And yet, in some ways, they’re exactly who you think they are. Back-to-back victories have been impossible to come by. Wicklow were last in a provincial semi-final in 1995 — and they got a bye into the quarters that year. You have to go back to 1989 for the last time they had two wins in the Leinster Championship. They’ve only ever been in one final, in 1897.
This is McConville’s second campaign in charge. As far as results go, it hasn’t been a patch on the first one. In 2023, they got promoted from Division Four with just a single defeat. This time around, they got booted from Division Three with just a single victory. Yet he feels they’re in a much better place now than they were then.

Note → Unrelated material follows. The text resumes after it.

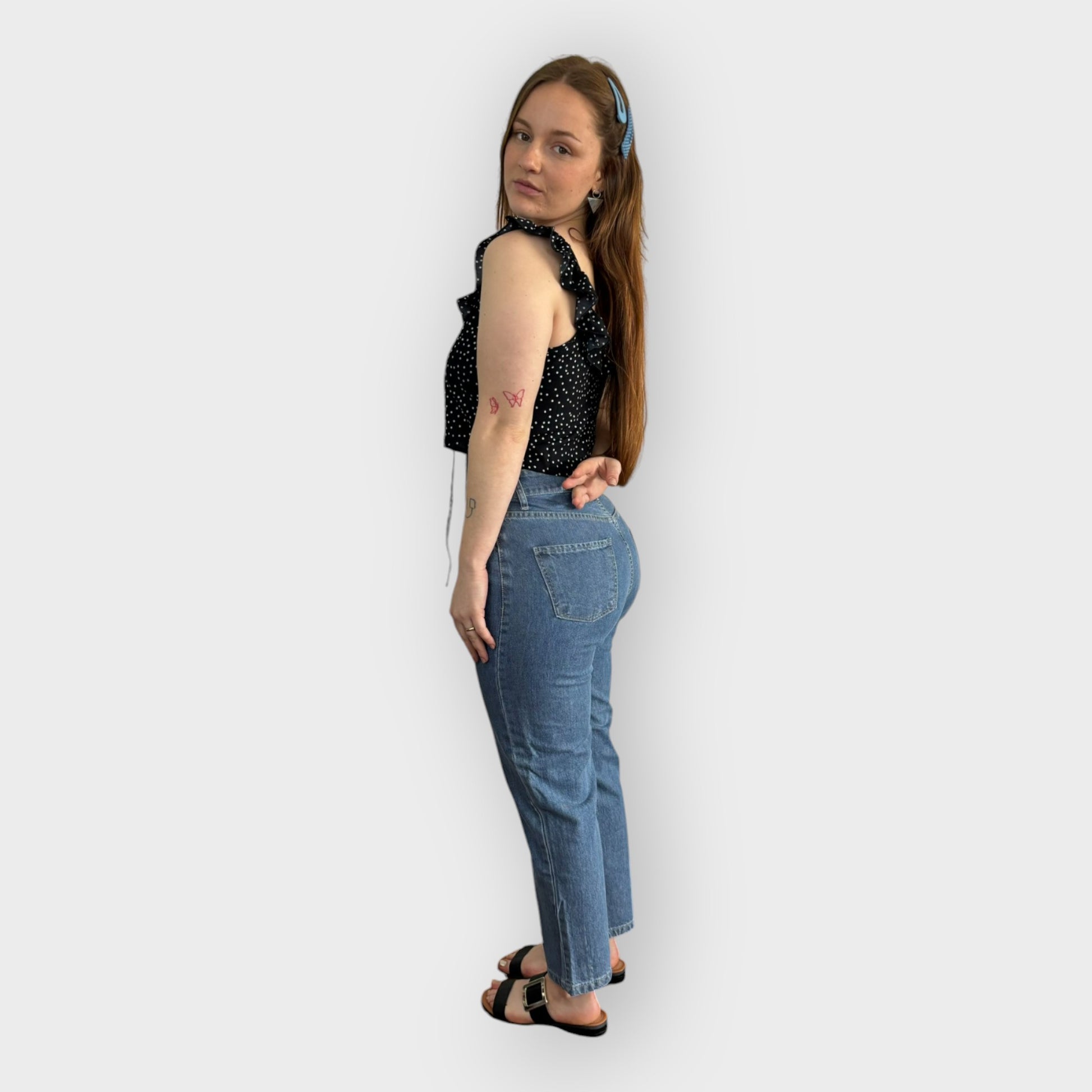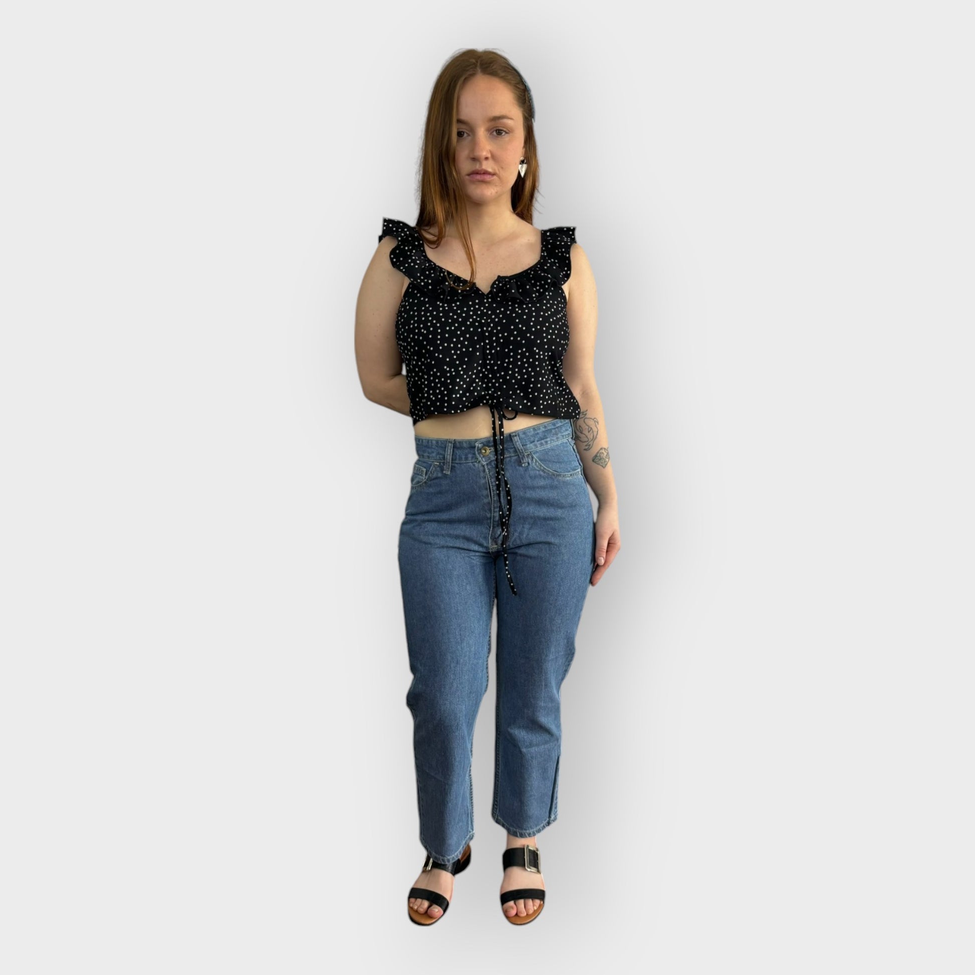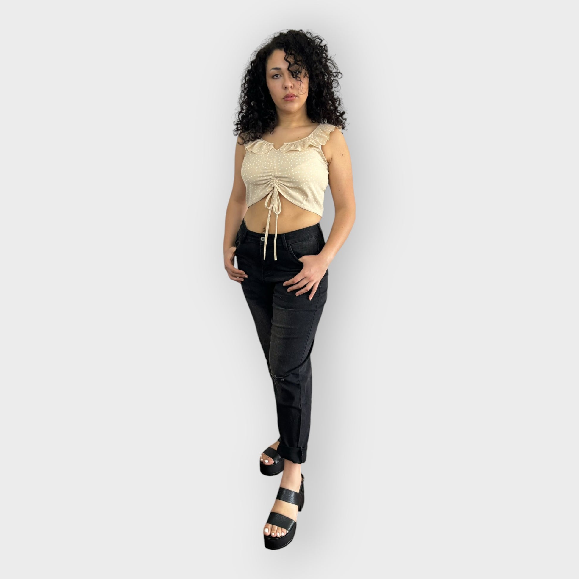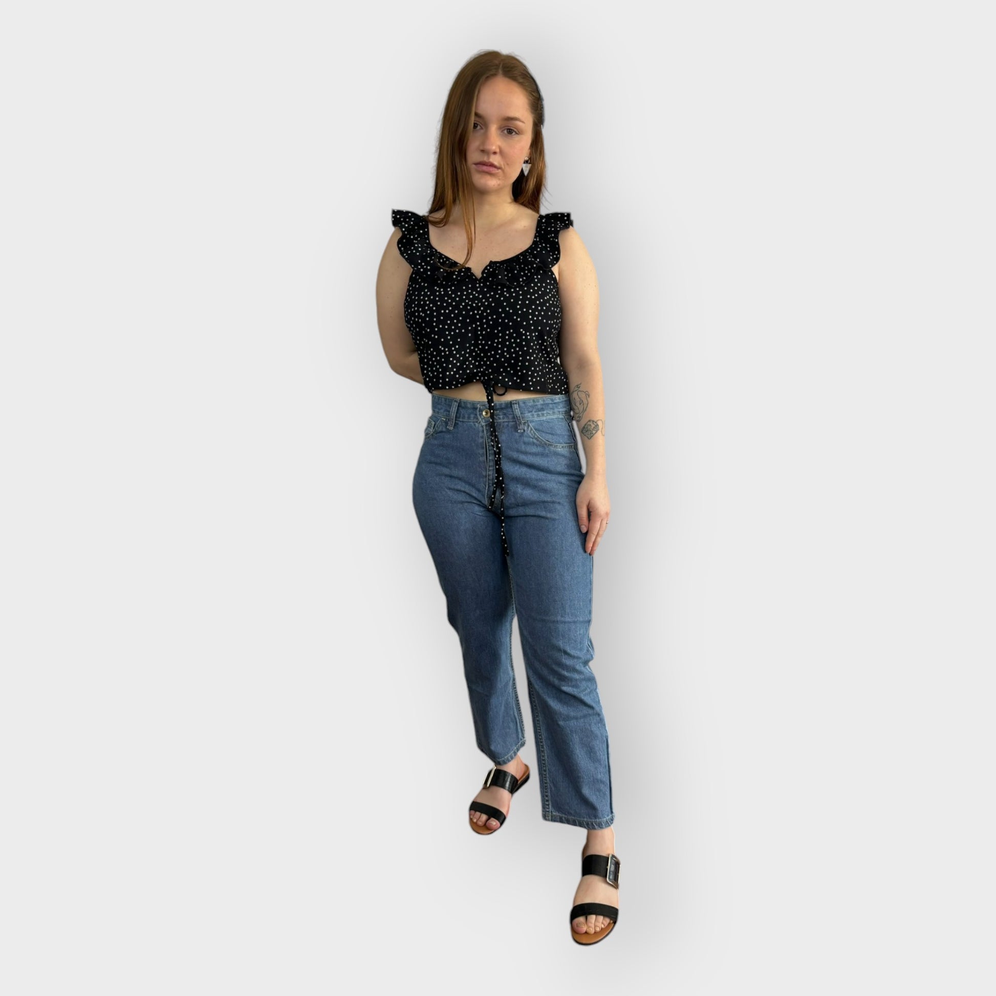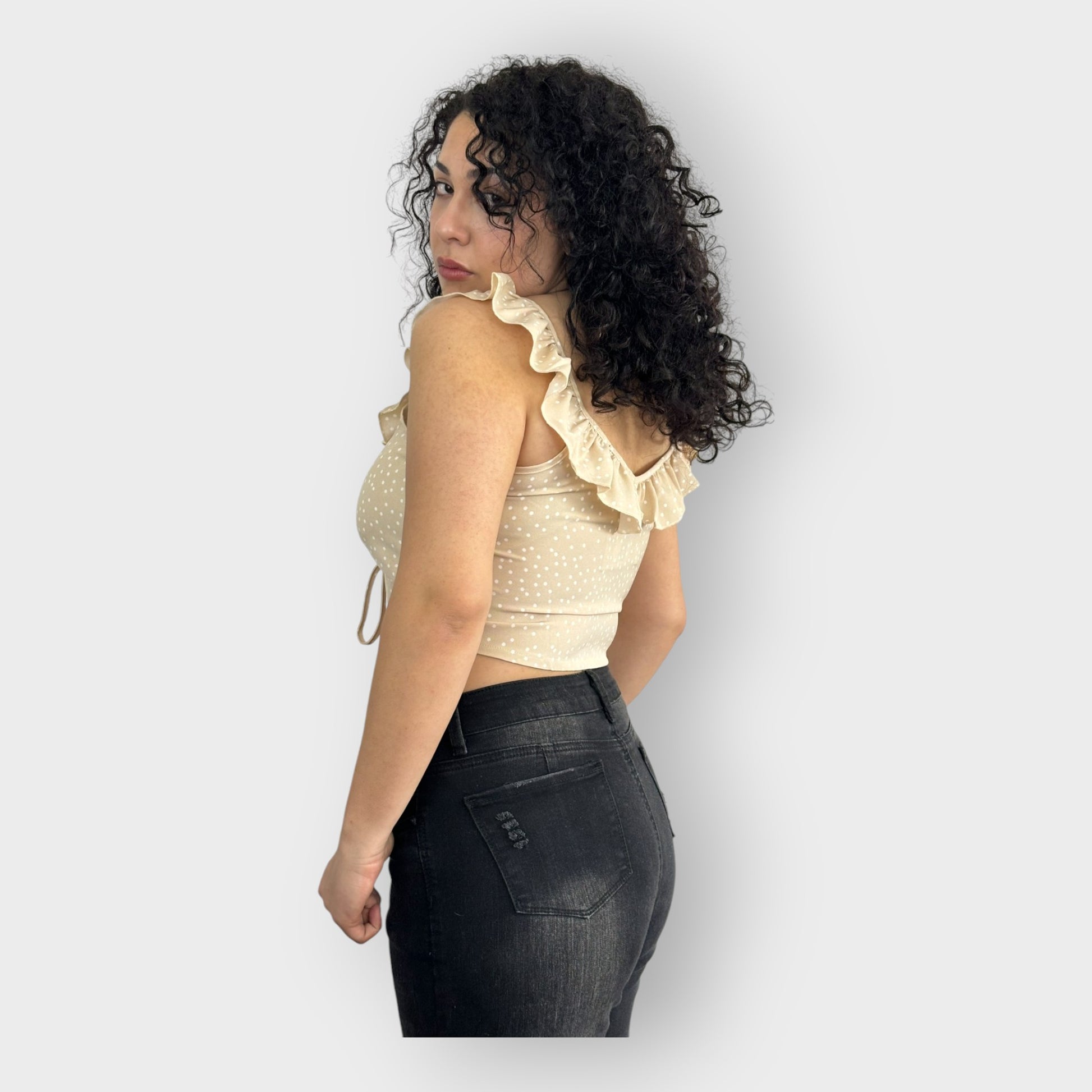 Este encantador top a lunares de ORA es la prenda perfecta para un look femenino y moderno. Disponible en colores negro, blanco y café con leche, cuenta con un delicado escote redondo adornado con un volado que le añade un toque romántico. En la parte delantera, una tira ajustable permite regular el largo del top, creando un fruncido elegante que termina en una moña o un nudo, según tu preferencia. Este top es ideal para combinar con jeans, faldas o pantalones, aportando estilo y frescura a cualquier conjunto.

“Even in terms of S&C [strength and conditioning], they’re so much stronger now than they were this time last year,” he says as the players bounce around the stations of a 20-minute gym session. “By the time we got to the Longford game [in the Tailteann Cup in May], we had 14 people sitting in the dugout who couldn’t tog out. Just the load, they couldn’t take it. They’re much more ready for it this year.”
And though results are important, he reckons they got far more out of this spring than they did out of 2023. For one thing, they got away together. McConville brought them up to the Carrickdale Hotel just outside Dundalk. He arranged for them to head out to a nightclub on the Saturday night but they were enjoying each other’s company so much in the hotel that they decided to stay where they were.
“The first thing I asked them when we came in last year was what did they think they needed. And they basically said, ‘We’re actually grand for everything. But can we have one weekend away?’ We couldn’t get it done in the league last year. But we did this time. It’s a big help.”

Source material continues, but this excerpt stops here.